Why do people hate KYC? ›

Experienced crypto users often dislike KYC not because they seek to evade taxes or launder money but because it means losing control over their personal data.

What are the issues with KYC? ›

In general, there are three key elements in KYC that create challenges for businesses in order to stay compliant: Customer identification and verification. Businesses must collect and verify customer identities using reliable, independent sources, typically government-issued identification documents.

What is the biggest risk in crypto? ›

Cryptocurrency Risks
  • Cryptocurrency payments do not come with legal protections. Credit cards and debit cards have legal protections if something goes wrong. ...
  • Cryptocurrency payments typically are not reversible. ...
  • Some information about your transactions will likely be public.

How can I recover my stolen $30,000 Bitcoin? ›

Working with a Recovery Firm. A crypto recovery firm can help retrieve lost or stolen crypto funds. They use their technical expertise and resources to track down and recover lost crypto assets.

What is downside in crypto? ›

The lack of key transaction policies is a major drawback of cryptocurrencies. The no refund or cancellation policy can be considered the default stance for transactions wrongly made across crypto wallets, and each crypto stock exchange or app has its own rules.

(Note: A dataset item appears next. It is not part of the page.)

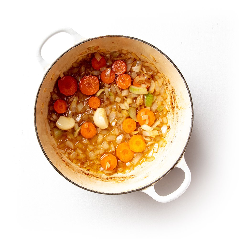 In the same saucepan, add the onion, carrot and garlic cloves. Fry until the onions is soft and translucent.

What are the arguments against KYC? ›

Common challenges for KYC compliance
  • High onboarding costs.
  • Low conversion rates.
  • Lengthy onboarding processes.
  • Poor record keeping.
  • An inability to spot a change in circ*mstances.
  • Wasting time and money on false positives.
Aug 22, 2024

Is KYC safe or not? ›

This process is crucial for various industries, including banking, finance, and online services. However, cybercriminals exploit this legitimate procedure to trick individuals into divulging sensitive personal information. Common online KYC scams involve fake websites or phishing emails that mimic legitimate platforms.